Which brings us to pretty much this point. I recently took the novel back out of the drawer and gave it one last polish and sent it off. I’m not telling you where to. Not yet. Not because I’m a tease but for the same reason I’m not telling you anything much about the plot; because I don’t want to jinx the bugger.
I will tell you that it’s currently entitled The Sorrowful, and it’s a sprawling horror disguised as a thriller set in an idiosyncratic version of Hell (see, if you’ve been paying attention, you’ll see a link to my opening pun. How do I do it, you ask? I’m a writer!). Tom Fool is a character in it, as are sundry other humans, demons and less identifiable things. There’s death, and there’s more death. It’s bleak.
“It’s a sprawling horror disguised as a thriller set in an idiosyncratic version of Hell”

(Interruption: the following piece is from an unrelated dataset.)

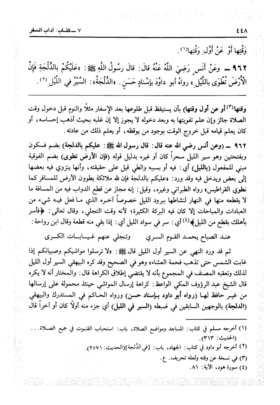 ثم قد ورد النهي عن السير أول الليل، قال «لا ترسلوا مواشيكم وصبيانكم إذا غابت الشمس حتى تذهب فحمة العشاء» وهو في الصحيح، وقد كره البيهقي السير أول الليل لذلك، وتعقبه المصنف في المجموع بأنه لا يقتضي إطلاق الكراهة قال: والمختار أنه لا يكره، قال الشيخ عبد الرءوف المكي الواعظ: كراهة إرسال المواشي حينئذ محمولة على إرسالها من غير حافظ لها (رواه أبو داود بإسناد حسن) ورواه الحاكم في «المستدرك» والبيهقي (الدلجة) بالوجهين السابقين في ضبطه (السير في الليل) أي جزء منه أولاً كان أو آخراً.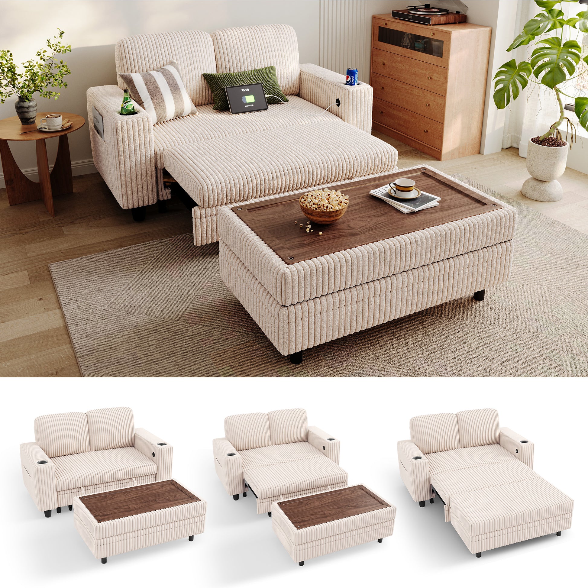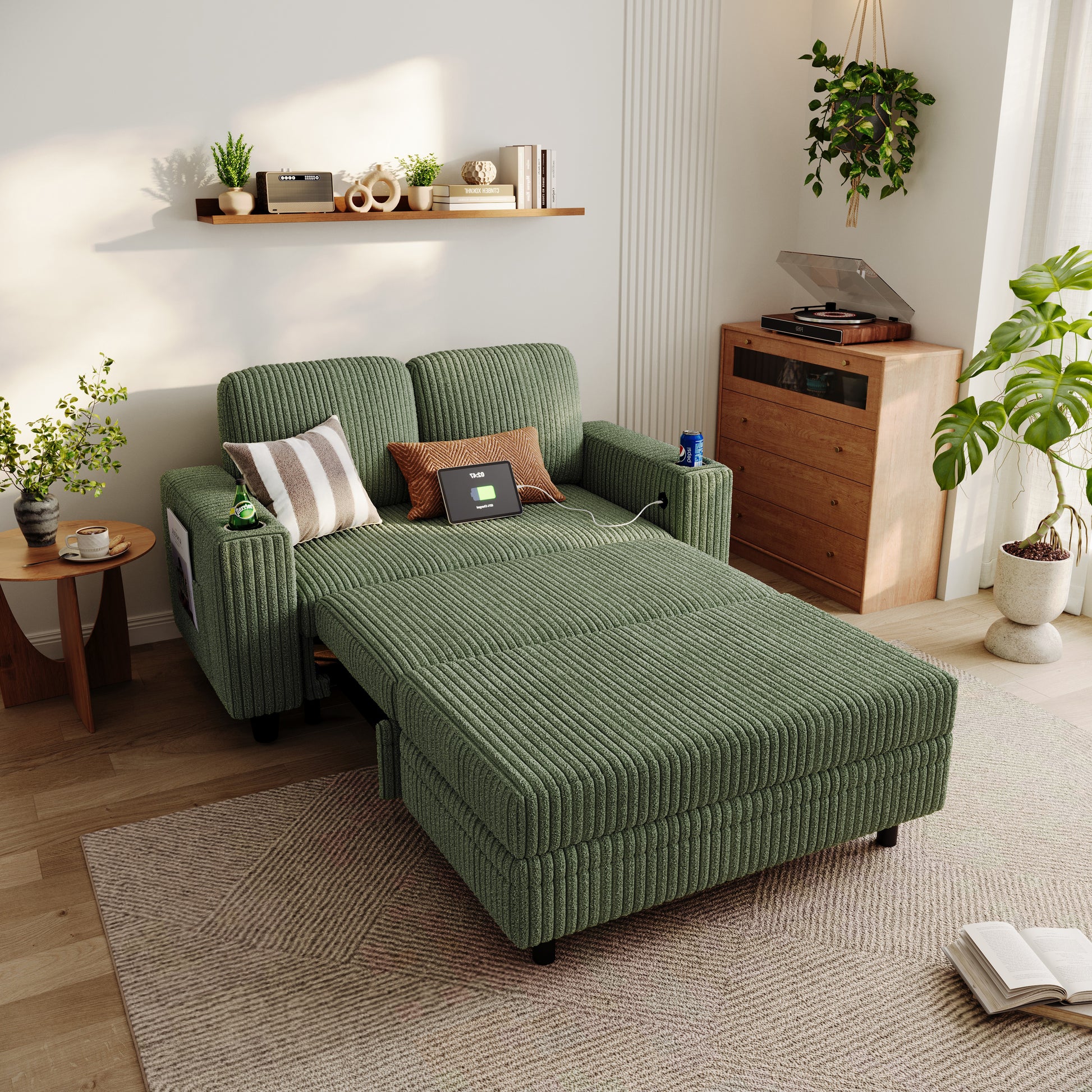 Comfy 2-in-1 loveseat with pull-out couch chaise, USB charging, and cup holders. Ideal for small spaces, studios, or guest rooms.

So, what next? Well, we wait. I have other stories to do and I have several ideas for the next novel – I’ve got the bug now, I’ve enjoyed writing The Sorrowful immensely and I want to do it again. I haven’t decided which one I’m going to do yet; two include a character from Quiet Houses who I like an awful lot and want to visit again, one may be a sequel to The Sorrowful or may not be and one’s just sodding weird. I’ve lost some weight, bought a new waistcoat and have some teaching gigs coming up that I’ll maybe talk about here.
It’s taken me over seventeen years, but I’ve finished the novel that I started in Leeds at a point in my life that is now absolutely passed and gone and cold; man, that feels good.